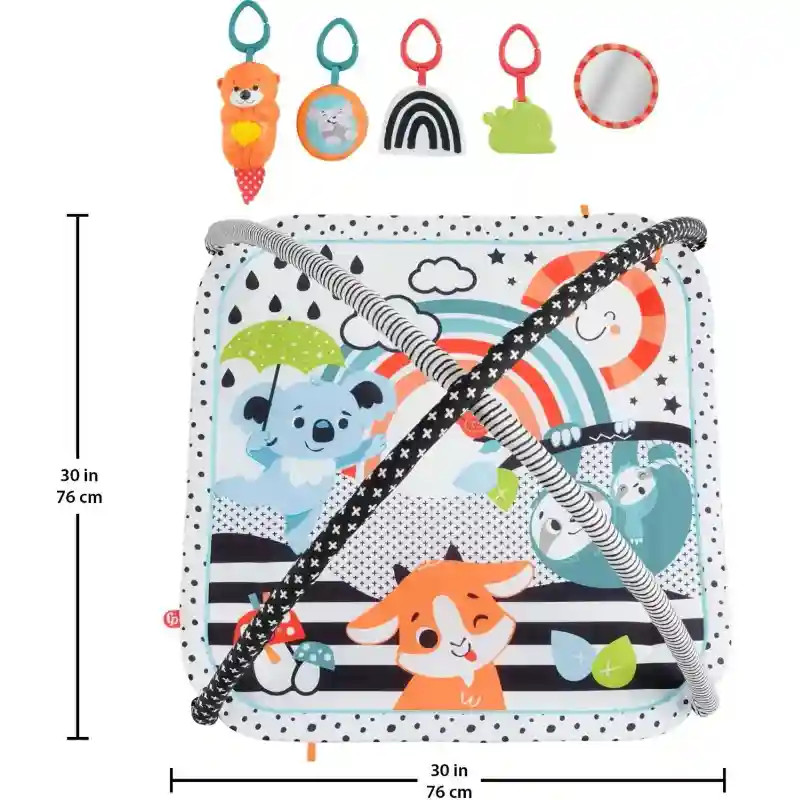 A Fisher-Price Nőj velem 3 az 1-ben játszószőnyeg a legmegfelelőbb hely, ahol a kicsik eltölthetik a játékidejüket. A babák 5 összekapcsolható aktivitási játékot érhetnek el, ütögethetnek és ragadhatnak meg, köztük egy tükröt, egy puha csörgős sünijátékot, egy BPA-mentes csigás rágcsálót, egy gyűrődő szivárványos játékot és egy zenélő és világító vidrát. A zenélő és világító vidra tizenöt percnyi zenét játszik, és lágyan világító fénnyel világít. A fekete-fehér kontrasztja, és a vonalak ritmikus változása segíti a látás fejlődését. Előbbi a szem fókuszálásának képességét, az éleslátás kialakulását, utóbbi a szemmozgásokat, illetve a mozgó tárgyak követésének képességét fejleszti. A babák látása fokozatosan fejlődik. Észlelésük kezdetben homályos, de hamarosan képesek lesznek fókuszálni a környezetükben felbukkanó dolgokra. Figyelmüket leginkább a kontrasztos színek, legfőképpen a fekete-fehér vonzzák. E színek célja, hogy a babák idegrendszerét stimulálja, megteremtve így a lehetőséget a megfelelő idegkapcsolatok (szinapszisok) kiépülésére. A Fisher-Price Nőj velem 3 az 1-ben játszószőnyeg játékokkal, hangokkal és zenével foglalja le a babát! Több összekapcsolható játék, egy tükör és egy imádnivaló, levehető, zenélő és világító vidra mókás hangokkal, fényekkel és lágy zenével segít, hogy a kisbaba elfoglalja magát a kényelmes, párnázott, hordozható játszószőnyegen, mely felett két puha, levehető játékív is található. Hosszú lejátszás módban akár 15 percen át zenél és az összekapcsolható játékok áthelyezhetők, hogy kisbabának minden alkalommal más és más élményben legyen része! A Fisher-Price Nőj velem 3 az 1-ben játszószőnyeg kontrasztos színei fejlesztik a kicsik látását is. A játszószőnyeg mosógépben mosható és összehajtva bárhová magunkkal vihetjük.
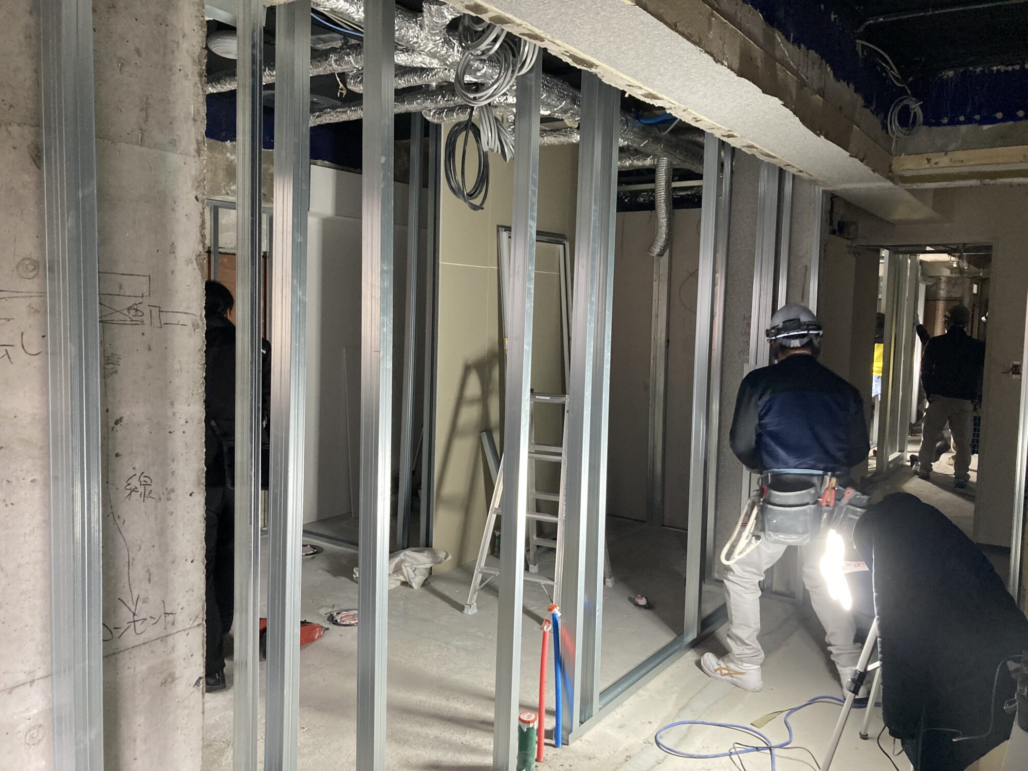 ↑“軽天(けいてん)”と呼ばれる鋼材で壁(間仕切り)の骨組みを組み立てているところです。天井と床の上下にランナーと呼ばれるレールを打ち込み、その間にスタッドと呼ばれる間柱を組み込んでいきます。
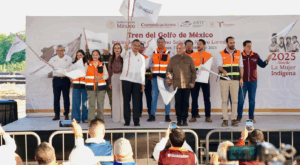 El motivo: ‘el banderazo’ de arranque de la construcción del tramo del emblemático Tren del Golfo de México que conectará el punto del Arroyo ‘El Sauz’ con Nuevo Laredo.
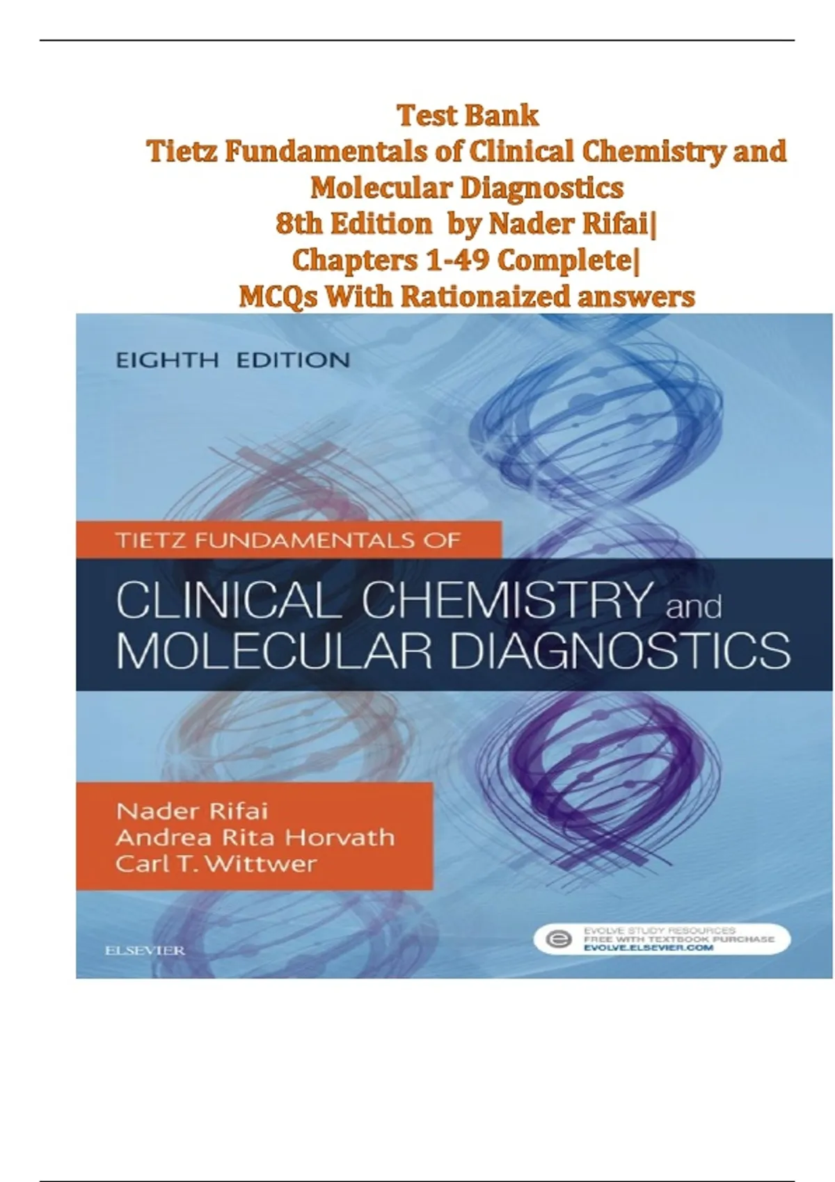 This comprehensive test bank for Tietz Fundamentals of Clinical Chemistry and Molecular Diagnostics, 8th Edition provides over 1,300 multiple-choice questions (MCQs) with fully rationalized answers, covering all 49 chapters of the textbook. Designed to support both instructors and students, it includes critical topics such as laboratory principles, analytical techniques, analytes, pathophysiology, and molecular diagnostics. Each question is referenced to textbook pages and aligned with learning objectives, making it an essential resource for exam preparation, curriculum development, and self-assessment in clinical chemistry and molecular diagnostics.
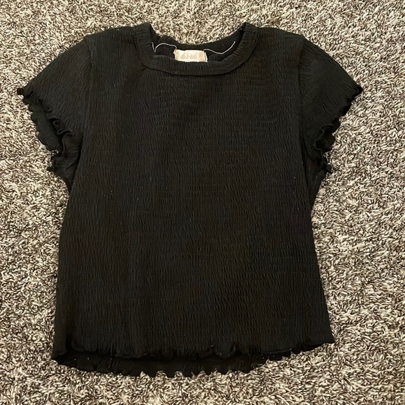 Size small. This is a great basic black ruffled tee. In pretty good condition nothing wrong with it. Just a few strings might be coming out as you can see by the tag. Other then that it is in great condition
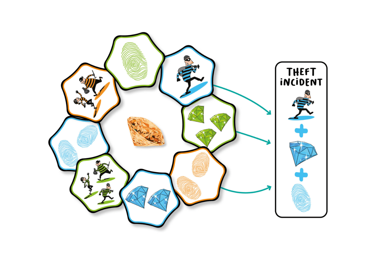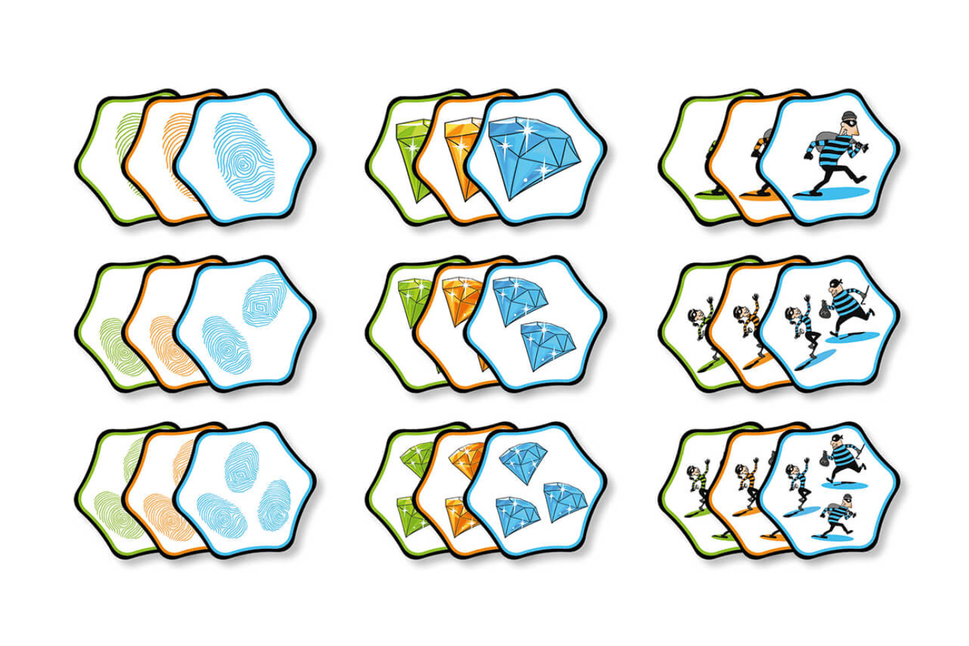 How to Play: Be the first to spot a combination of a Thief card, a Fingerprint card and a Diamond card that all 3 contain the same or a different number of elements. Be the fastest player to grab the diamond in the middle, indicate the theft incident and collect cards.
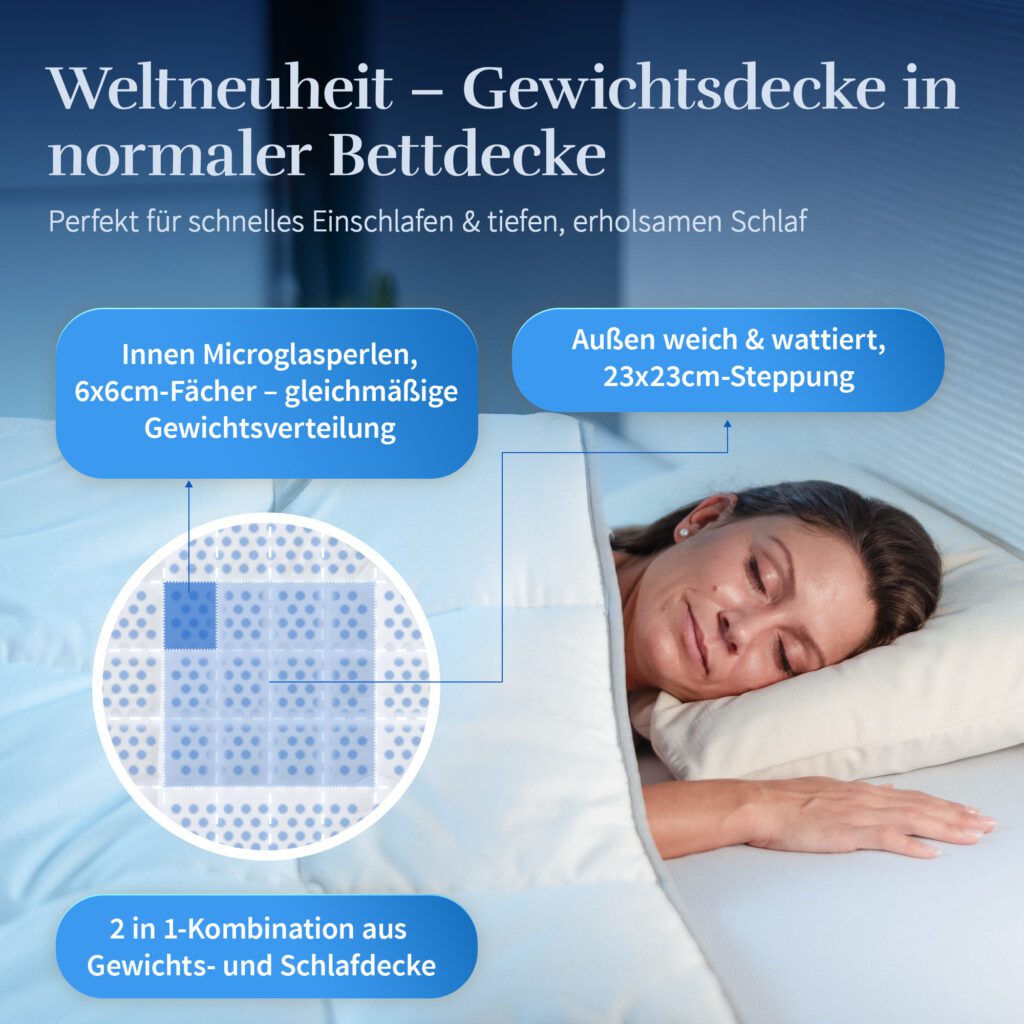 Unsere Hybrid-Decke vereint erstmals die besten Eigenschaften aus zwei Welten: die wohltuende Schwere einer Gewichtsdecke und den Komfort einer klassischen Bettdecke. Während herkömmliche Gewichtsdecken oft als kalt und hart empfunden werden und Bettdecken zwar weich und warm, aber zu leicht sind, kombiniert unsere innovative Konstruktion genau das, was wirklich zählt. Die Decke ist warm, weich, anschmiegsam und gleichzeitig angenehm schwer. Dadurch entsteht ein sanftes Gefühl des Umarmtwerdens, das das Einschlafen erleichtert und durch die Tiefendruckstimulation zu einem besonders ruhigen und tiefen Schlaf beiträgt. Der größte Vorteil zeigt sich am Morgen: Man wacht ausgeruht, entspannt und erfrischt auf und startet mit neuer Energie in den Tag.

**Task instructions:** Nothing but the pictures is to be left out; the rest of the listing should be copied exactly.

**Response box:**
 A Fisher-Price Nőj velem 3 az 1-ben játszószőnyeg a legmegfelelőbb hely, ahol a kicsik eltölthetik a játékidejüket. A babák 5 összekapcsolható aktivitási játékot érhetnek el, ütögethetnek és ragadhatnak meg, köztük egy tükröt, egy puha csörgős sünijátékot, egy BPA-mentes csigás rágcsálót, egy gyűrődő szivárványos játékot és egy zenélő és világító vidrát. A zenélő és világító vidra tizenöt percnyi zenét játszik, és lágyan világító fénnyel világít. A fekete-fehér kontrasztja, és a vonalak ritmikus változása segíti a látás fejlődését. Előbbi a szem fókuszálásának képességét, az éleslátás kialakulását, utóbbi a szemmozgásokat, illetve a mozgó tárgyak követésének képességét fejleszti. A babák látása fokozatosan fejlődik. Észlelésük kezdetben homályos, de hamarosan képesek lesznek fókuszálni a környezetükben felbukkanó dolgokra. Figyelmüket leginkább a kontrasztos színek, legfőképpen a fekete-fehér vonzzák. E színek célja, hogy a babák idegrendszerét stimulálja, megteremtve így a lehetőséget a megfelelő idegkapcsolatok (szinapszisok) kiépülésére. A Fisher-Price Nőj velem 3 az 1-ben játszószőnyeg játékokkal, hangokkal és zenével foglalja le a babát! Több összekapcsolható játék, egy tükör és egy imádnivaló, levehető, zenélő és világító vidra mókás hangokkal, fényekkel és lágy zenével segít, hogy a kisbaba elfoglalja magát a kényelmes, párnázott, hordozható játszószőnyegen, mely felett két puha, levehető játékív is található. Hosszú lejátszás módban akár 15 percen át zenél és az összekapcsolható játékok áthelyezhetők, hogy kisbabának minden alkalommal más és más élményben legyen része! A Fisher-Price Nőj velem 3 az 1-ben játszószőnyeg kontrasztos színei fejlesztik a kicsik látását is. A játszószőnyeg mosógépben mosható és összehajtva bárhová magunkkal vihetjük.
 ↑“軽天(けいてん)”と呼ばれる鋼材で壁(間仕切り)の骨組みを組み立てているところです。天井と床の上下にランナーと呼ばれるレールを打ち込み、その間にスタッドと呼ばれる間柱を組み込んでいきます。
 El motivo: ‘el banderazo’ de arranque de la construcción del tramo del emblemático Tren del Golfo de México que conectará el punto del Arroyo ‘El Sauz’ con Nuevo Laredo.
 This comprehensive test bank for Tietz Fundamentals of Clinical Chemistry and Molecular Diagnostics, 8th Edition provides over 1,300 multiple-choice questions (MCQs) with fully rationalized answers, covering all 49 chapters of the textbook. Designed to support both instructors and students, it includes critical topics such as laboratory principles, analytical techniques, analytes, pathophysiology, and molecular diagnostics. Each question is referenced to textbook pages and aligned with learning objectives, making it an essential resource for exam preparation, curriculum development, and self-assessment in clinical chemistry and molecular diagnostics.
 Size small. This is a great basic black ruffled tee. In pretty good condition nothing wrong with it. Just a few strings might be coming out as you can see by the tag. Other then that it is in great condition
 How to Play: Be the first to spot a combination of a Thief card, a Fingerprint card and a Diamond card that all 3 contain the same or a different number of elements. Be the fastest player to grab the diamond in the middle, indicate the theft incident and collect cards.
 Unsere Hybrid-Decke vereint erstmals die besten Eigenschaften aus zwei Welten: die wohltuende Schwere einer Gewichtsdecke und den Komfort einer klassischen Bettdecke. Während herkömmliche Gewichtsdecken oft als kalt und hart empfunden werden und Bettdecken zwar weich und warm, aber zu leicht sind, kombiniert unsere innovative Konstruktion genau das, was wirklich zählt. Die Decke ist warm, weich, anschmiegsam und gleichzeitig angenehm schwer. Dadurch entsteht ein sanftes Gefühl des Umarmtwerdens, das das Einschlafen erleichtert und durch die Tiefendruckstimulation zu einem besonders ruhigen und tiefen Schlaf beiträgt. Der größte Vorteil zeigt sich am Morgen: Man wacht ausgeruht, entspannt und erfrischt auf und startet mit neuer Energie in den Tag.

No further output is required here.